(Stored data entries)
═══

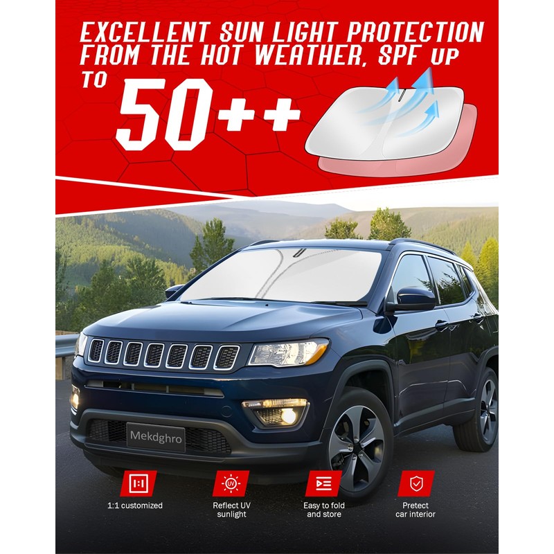 Mekdghro Custom Fit Windshield Sun Shade for Jeep Compass 2007-2017, Foldable, Easy to Install & Store, Full Coverage, 210T Reflective Fabric, Blocks 99% of UV Rays
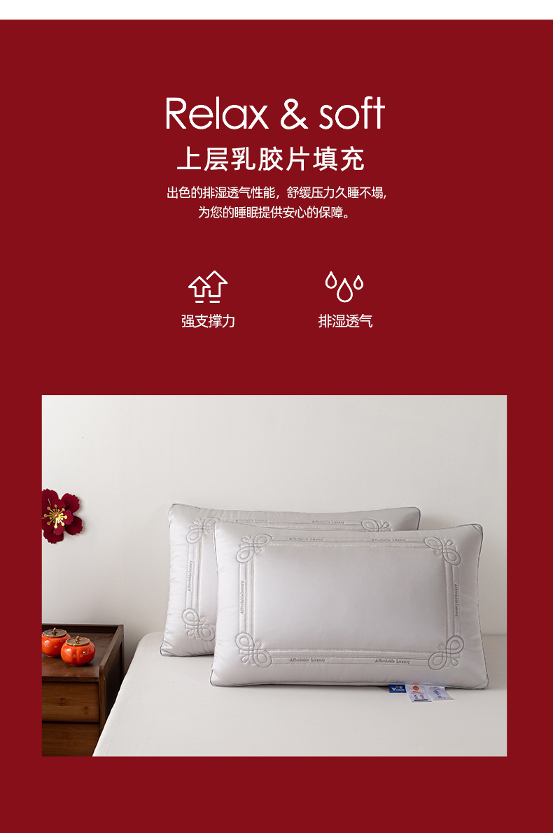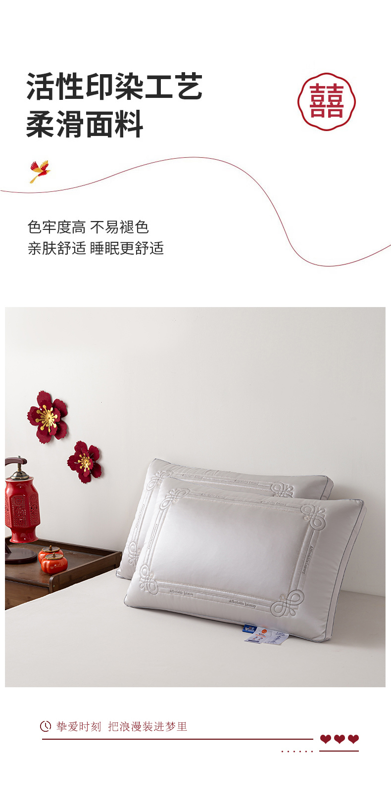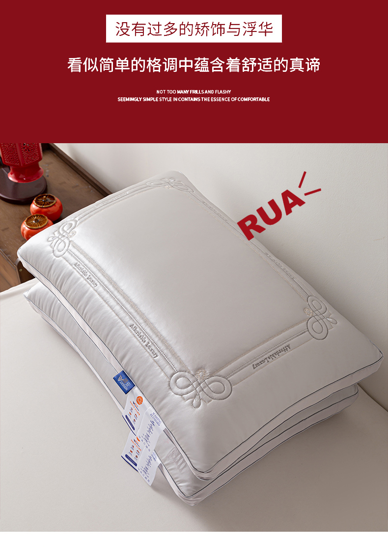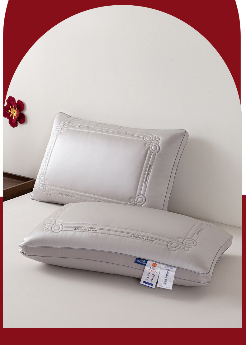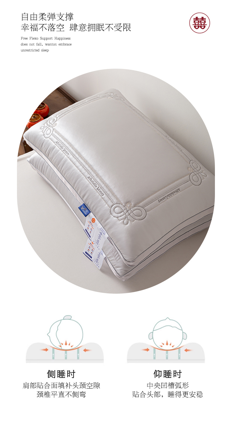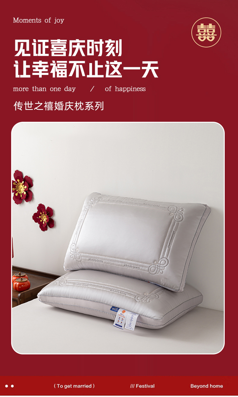 当前位置: 91家纺网 > 商品网购 > 枕头/枕芯/保健枕/颈椎枕 > 普通枕芯 > 贤内助家纺 2025新款传世之禧婚庆羽丝枕头枕芯保健枕护肩枕-大红 银灰
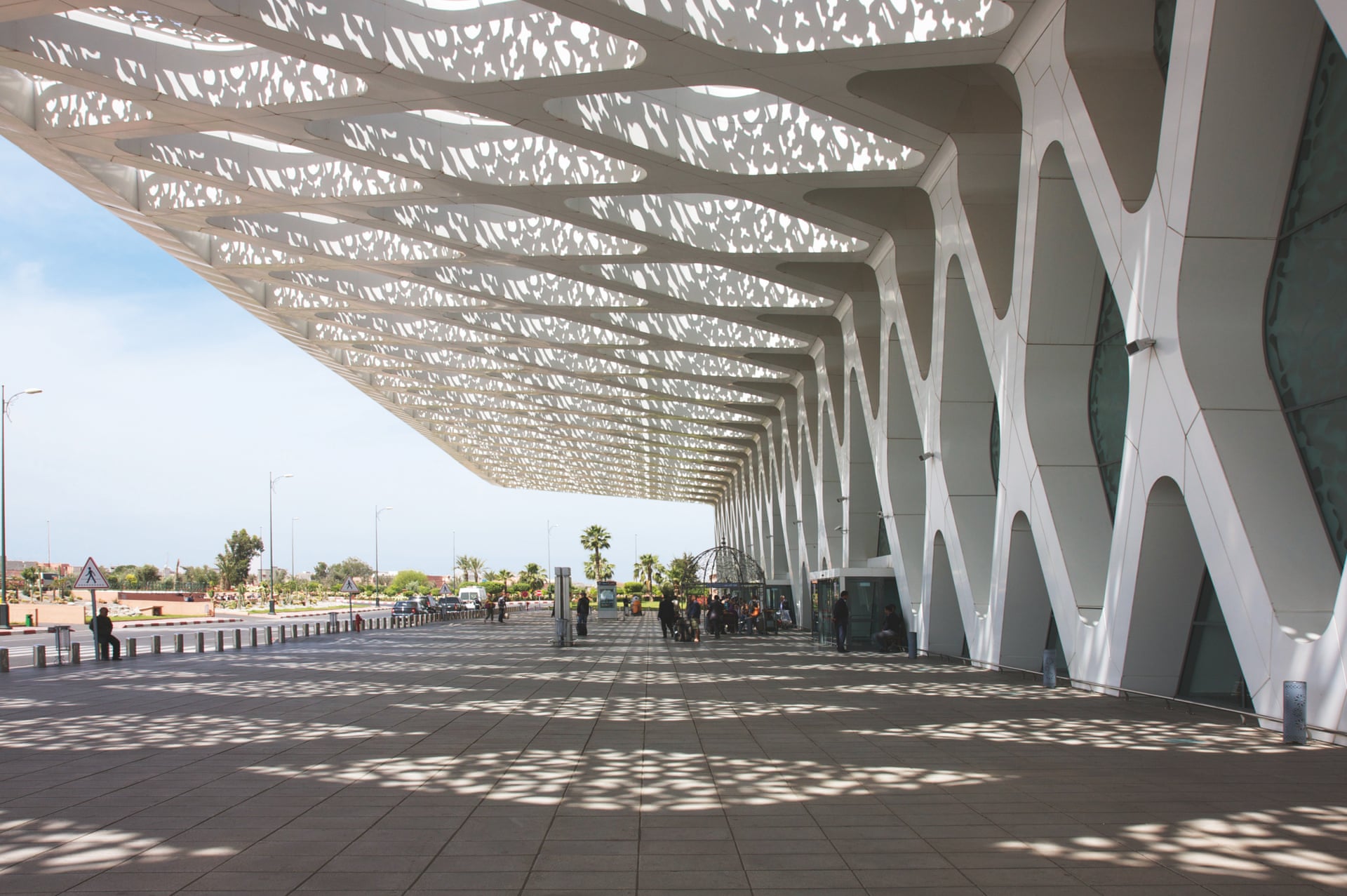 მენარას აეროპორტს, რომელიც 2000-იანი წლების დასაწყისში ტურისტთა მზარდ ნაკადთან გასამკლავებლად აიგო, ბეტონის მრუდე ჭერი და დიდი, სამკუთხა ფანჯრები აქვს, რომლებიც არაბული დიზაინითაა მოხატული. აეროპორტის პროექტზე ფრანგულმა კომპანია CR-მა და კასაბლანკაში მდებარე E2A-მ იმუშავეს, რისი შედეგიც ტრადიციული და თანამედროვე არქიტექტურის ეს ულამაზესი ნაზავია.
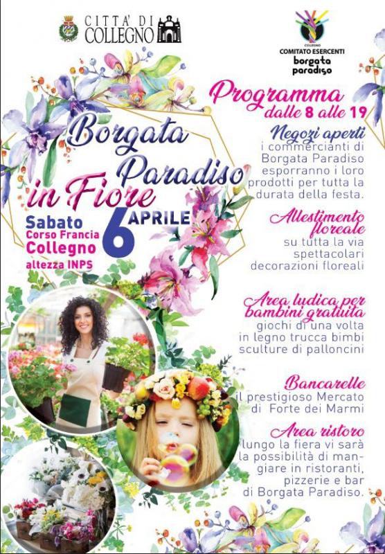 Sabato 6 aprile a Collegno (nella centrale location di Corso Francia, altezza Inps) nell’ambito della manifestazione “Borgata Paradiso in fiore”, organizzata dal Comitato Esercenti Borgata Paradiso presieduto da Sandra Tirelli.
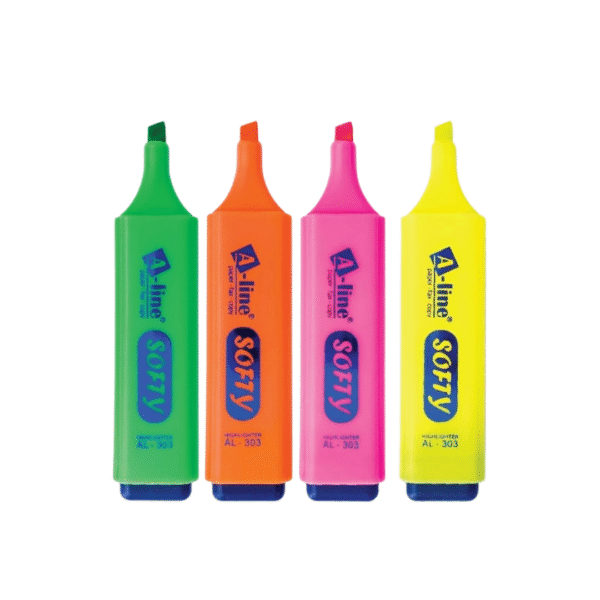 ปากกาเน้นข้อความ รุ่น AL-303 Softy หัวตัด, สีสันสดใส เขียนลื่น เส้นต่อเนื่องและคมชัด แห้งเร็ว, ใช้ได้นาน ไร้กลิ่นฉุน, ไม่เกิดรอยดำ เมื่อนำไปถ่ายเอกสารหรือส่งแฟกซ์
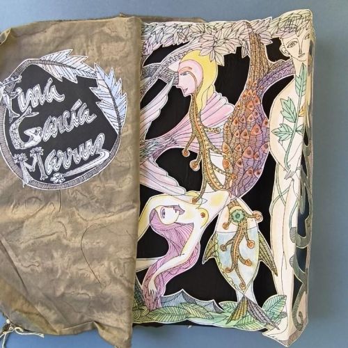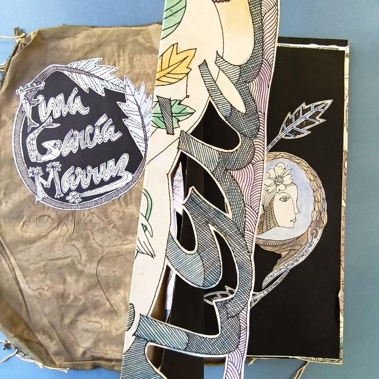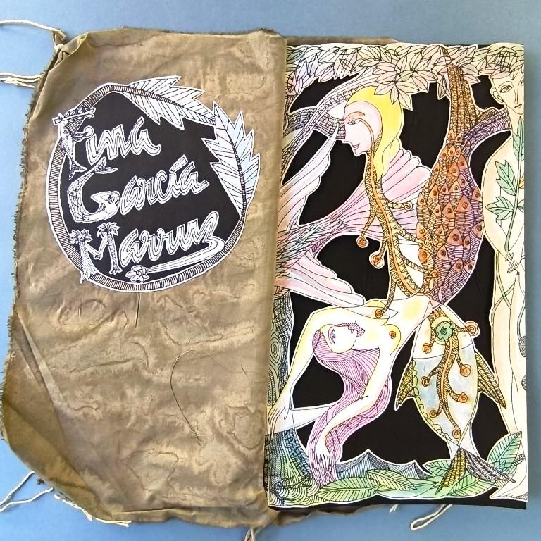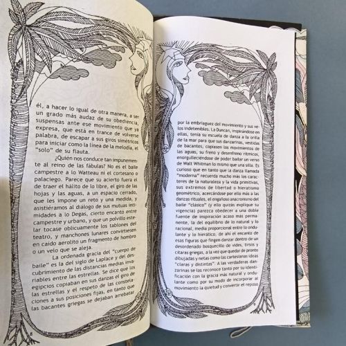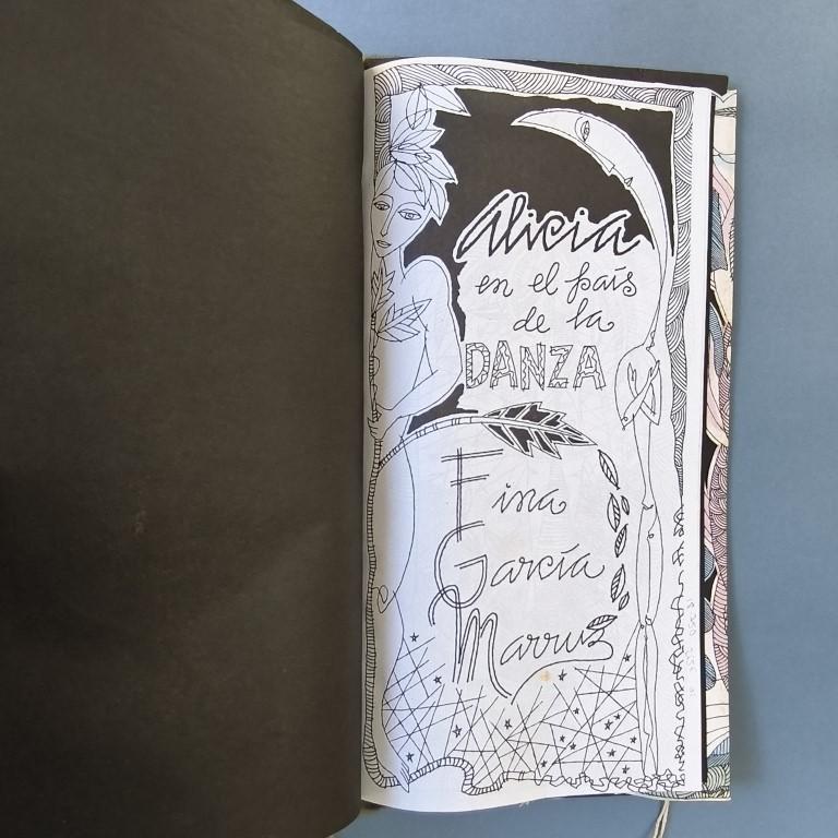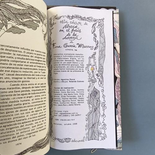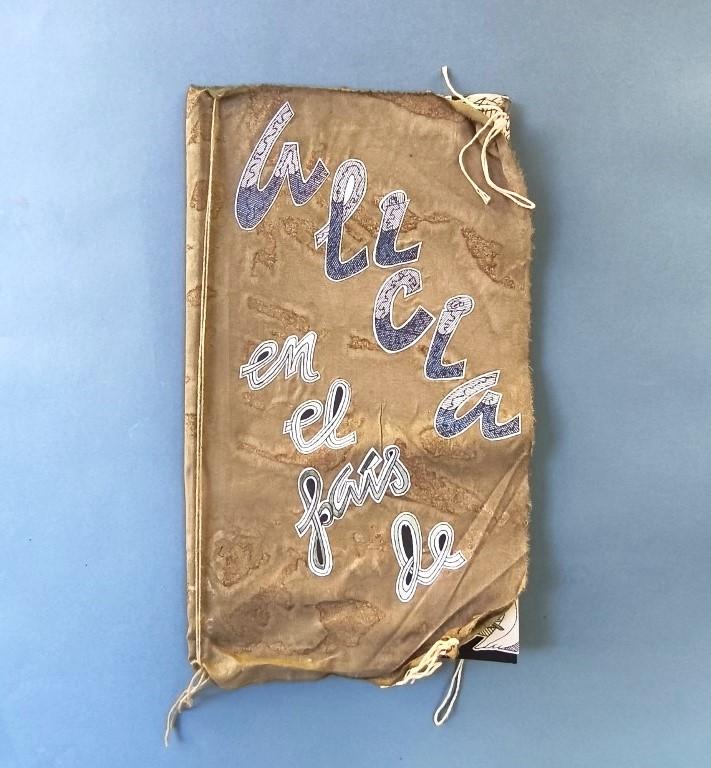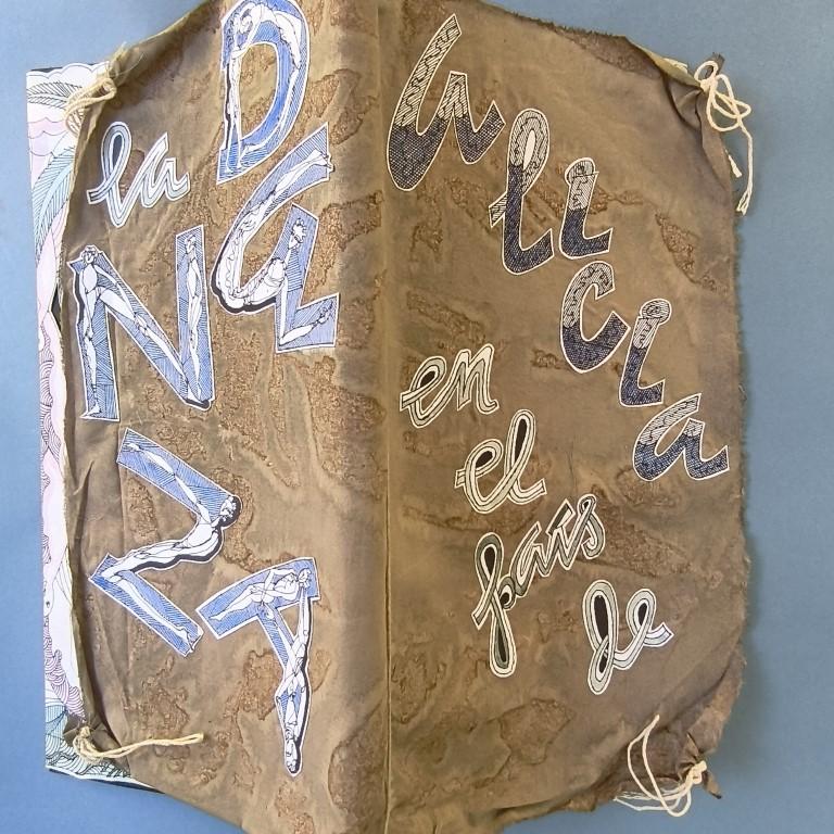 Stapled wrappers, with a double dust jacket: the first is cut-out, featuring surrealist drawings that bridge the worlds of Alice and dance. The second is made of old fabric, irregularly dyed, with the letters of the title cut out of paper, coloured and mounted. Risograph print on white paper. Number 159 of a print run of 200. In my opinion, this is one of Vigía’s most beautiful and best-designed books. More photos on our website.
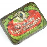 Engel gramofontű fémdoboz tartalommal, kopott
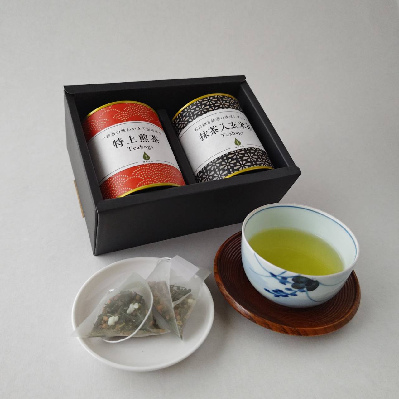 伝統文様をあしらった和紙缶はお部屋やテーブルに置いておくだけで華やかな和の雰囲気が漂います。いつでも手軽に日本茶の美味しさを楽しめるティーバッグセット。厳選した宇治緑茶のうま味と甘みでリラックス。玄米のこうばしい香りとさっぱりとした味わいに宇治抹茶のまろやかさをブレンドした逸品です。
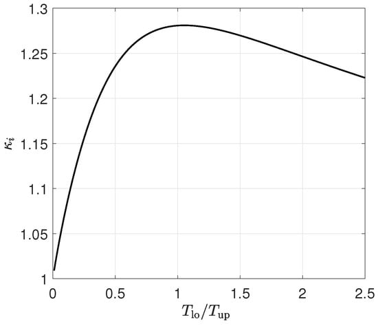 The interference factor versus thrust ratio, i.e., Equation (39), is shown in Figure 5, and it should be aware that in Equation (39) equals in Figure 5. If the lower rotor thrust is a typical value at 80% [34] of the upper rotor, the power of the contra system is 27% higher than that of the two isolated rotors. The worst case is that the two rotors have approximately the same thrust, with a power consumption that is 28% larger than the two isolated rotors.
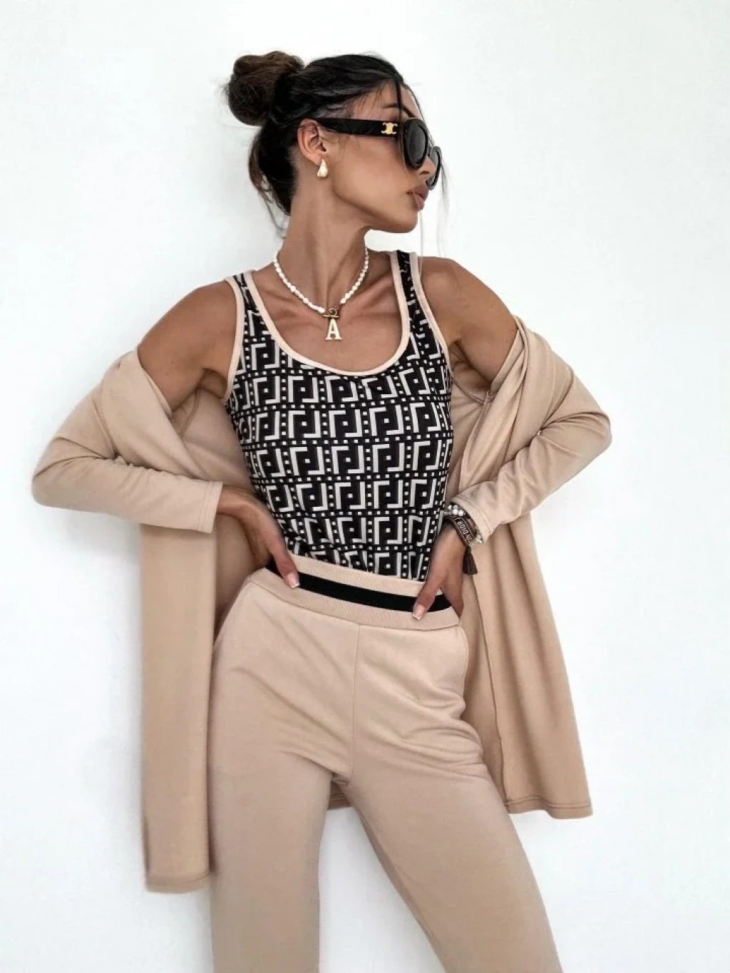 bysoca Kadın Desenli Büstiyer Yüksek Bel Pantolon ve Uzun Kollu Hırka Krep Üçlü Takım - Bej
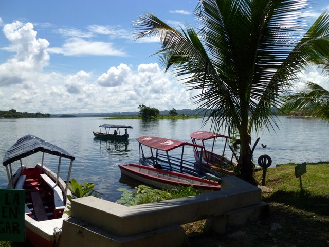 92 So here we are...after all those hours of bus travel, we awoke at 6am in Peten, in the north. This is jungle territory, so we found a little jungle hostel called Mon Ami, in the sleepy village of El Remate- about 30 minutes from the Mayan ruins of Tikal.
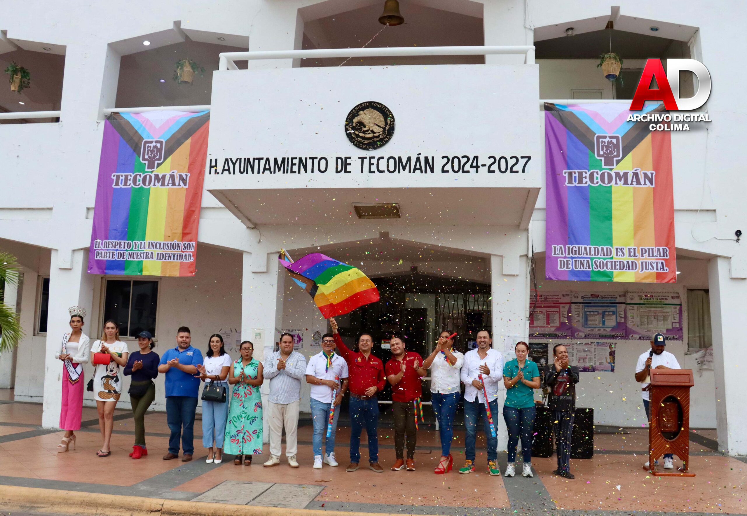 Este miércoles, el presidente municipal de Tecomán, Armando Reyna Magaña, encabezó la colocación de la bandera LGBT en el balcón de la Presidencia Municipal, en un acto simbólico que contó con la participación de integrantes de la asociación “Voces del Orgullo Tecomense”.
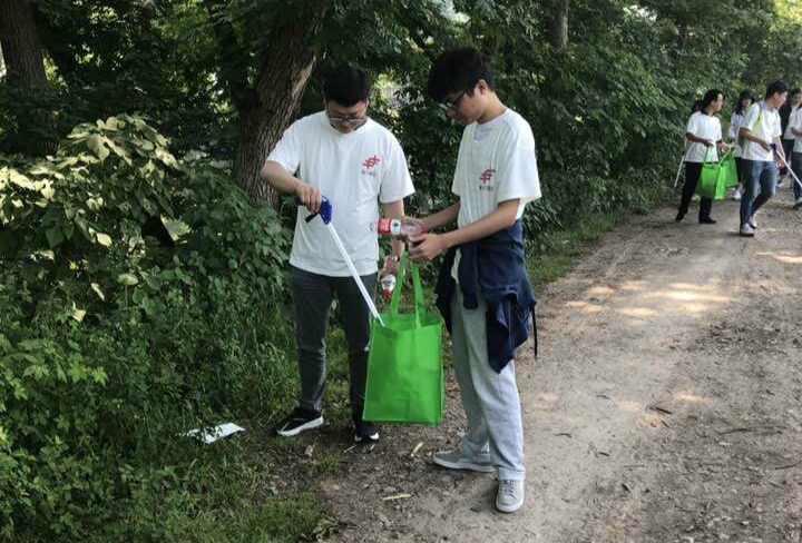 到了晴江岸之后,映入眼簾的是清澈湍流的河水、郁郁蔥蔥的大樹以及碧綠青翠的草坪,令人身心舒展、心曠神怡。而夾雜在其中的各種垃圾顯然破壞了這份大自然帶來的美景,大家紛紛拿起自己的“裝備”,將被人隨意丟棄在路邊的各種塑料袋、易拉罐、煙頭等垃圾收入“囊”中,不一會兒所有拎在手上的垃圾袋已被裝得滿滿當當。一路上老員工跟新員工分享著在賽爾的趣事,新員工跟老員工訴說著對未來的設想,伴隨著陣陣歡聲笑語,大家干勁十足。

═══

◆ Exercise details ◆
Only the lines from the one containing "Engel gramofontű fémdoboz" through the end of the data above are to be output, exactly and without pictures.

◆ Answer space ◆
 Engel gramofontű fémdoboz tartalommal, kopott
 伝統文様をあしらった和紙缶はお部屋やテーブルに置いておくだけで華やかな和の雰囲気が漂います。いつでも手軽に日本茶の美味しさを楽しめるティーバッグセット。厳選した宇治緑茶のうま味と甘みでリラックス。玄米のこうばしい香りとさっぱりとした味わいに宇治抹茶のまろやかさをブレンドした逸品です。
 The interference factor versus thrust ratio, i.e., Equation (39), is shown in Figure 5, and it should be aware that in Equation (39) equals in Figure 5. If the lower rotor thrust is a typical value at 80% [34] of the upper rotor, the power of the contra system is 27% higher than that of the two isolated rotors. The worst case is that the two rotors have approximately the same thrust, with a power consumption that is 28% larger than the two isolated rotors.
 bysoca Kadın Desenli Büstiyer Yüksek Bel Pantolon ve Uzun Kollu Hırka Krep Üçlü Takım - Bej
 92 So here we are...after all those hours of bus travel, we awoke at 6am in Peten, in the north. This is jungle territory, so we found a little jungle hostel called Mon Ami, in the sleepy village of El Remate- about 30 minutes from the Mayan ruins of Tikal.
 Este miércoles, el presidente municipal de Tecomán, Armando Reyna Magaña, encabezó la colocación de la bandera LGBT en el balcón de la Presidencia Municipal, en un acto simbólico que contó con la participación de integrantes de la asociación “Voces del Orgullo Tecomense”.
 到了晴江岸之后,映入眼簾的是清澈湍流的河水、郁郁蔥蔥的大樹以及碧綠青翠的草坪,令人身心舒展、心曠神怡。而夾雜在其中的各種垃圾顯然破壞了這份大自然帶來的美景,大家紛紛拿起自己的“裝備”,將被人隨意丟棄在路邊的各種塑料袋、易拉罐、煙頭等垃圾收入“囊”中,不一會兒所有拎在手上的垃圾袋已被裝得滿滿當當。一路上老員工跟新員工分享著在賽爾的趣事,新員工跟老員工訴說著對未來的設想,伴隨著陣陣歡聲笑語,大家干勁十足。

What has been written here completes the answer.